Activity
Your copy begins at the line with "Hiker girl. Trip" and runs through the end of the data below. Set down only those lines exactly, without pictures.

Dataset content
↓↓↓
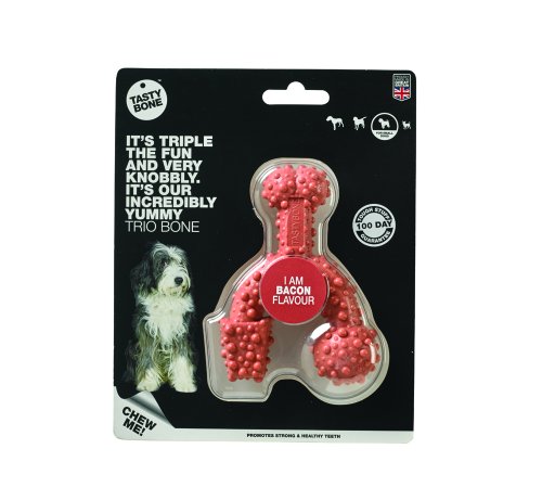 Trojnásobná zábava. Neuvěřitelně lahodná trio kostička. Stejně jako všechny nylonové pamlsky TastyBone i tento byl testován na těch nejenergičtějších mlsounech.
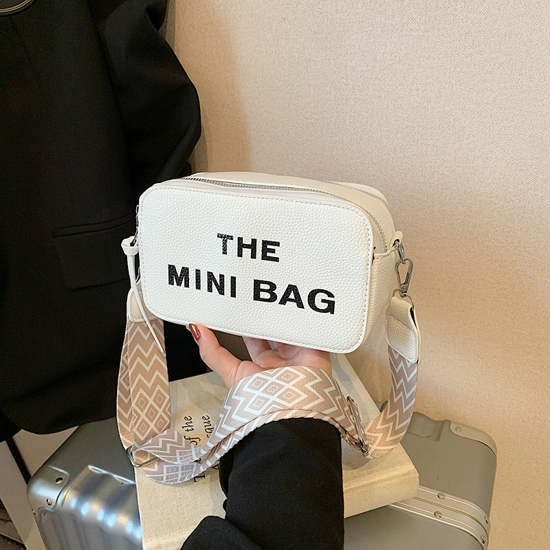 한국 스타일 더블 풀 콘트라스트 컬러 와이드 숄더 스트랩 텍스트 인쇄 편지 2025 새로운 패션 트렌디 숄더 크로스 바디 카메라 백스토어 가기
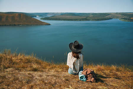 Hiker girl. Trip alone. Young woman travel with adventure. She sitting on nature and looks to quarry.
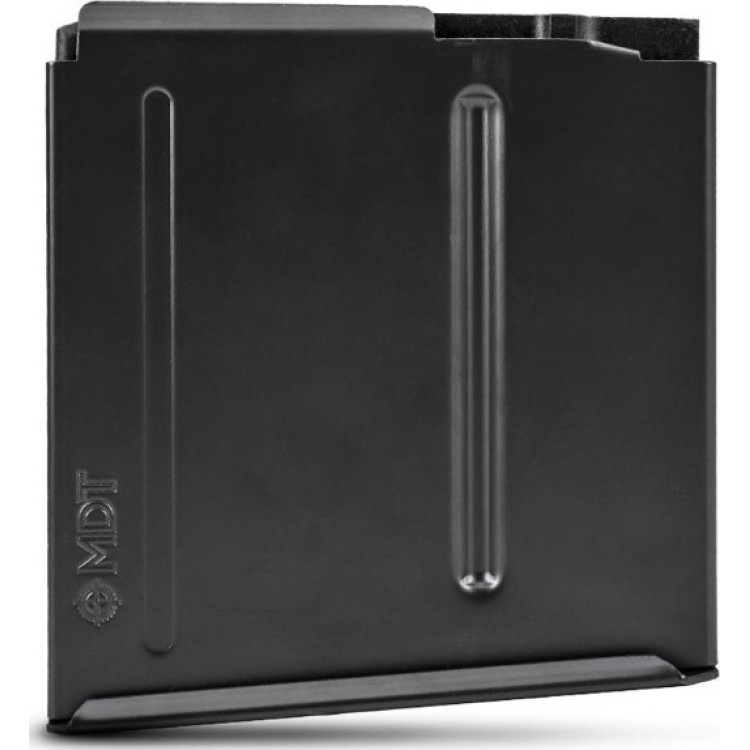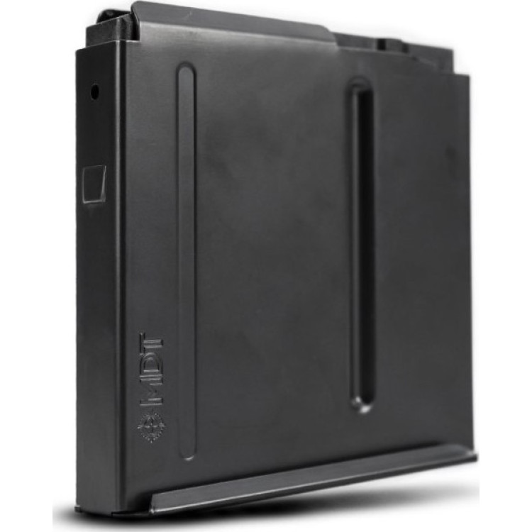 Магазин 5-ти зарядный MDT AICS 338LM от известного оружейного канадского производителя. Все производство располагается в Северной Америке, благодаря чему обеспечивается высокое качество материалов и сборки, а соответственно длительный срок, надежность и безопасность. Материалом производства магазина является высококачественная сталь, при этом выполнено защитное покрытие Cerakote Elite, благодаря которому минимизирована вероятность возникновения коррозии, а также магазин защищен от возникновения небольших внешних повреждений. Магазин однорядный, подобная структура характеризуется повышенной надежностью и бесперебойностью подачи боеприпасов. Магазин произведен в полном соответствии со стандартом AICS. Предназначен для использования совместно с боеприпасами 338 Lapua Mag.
↑↑↑
Solution to this problem
 Hiker girl. Trip alone. Young woman travel with adventure. She sitting on nature and looks to quarry.
 Магазин 5-ти зарядный MDT AICS 338LM от известного оружейного канадского производителя. Все производство располагается в Северной Америке, благодаря чему обеспечивается высокое качество материалов и сборки, а соответственно длительный срок, надежность и безопасность. Материалом производства магазина является высококачественная сталь, при этом выполнено защитное покрытие Cerakote Elite, благодаря которому минимизирована вероятность возникновения коррозии, а также магазин защищен от возникновения небольших внешних повреждений. Магазин однорядный, подобная структура характеризуется повышенной надежностью и бесперебойностью подачи боеприпасов. Магазин произведен в полном соответствии со стандартом AICS. Предназначен для использования совместно с боеприпасами 338 Lapua Mag.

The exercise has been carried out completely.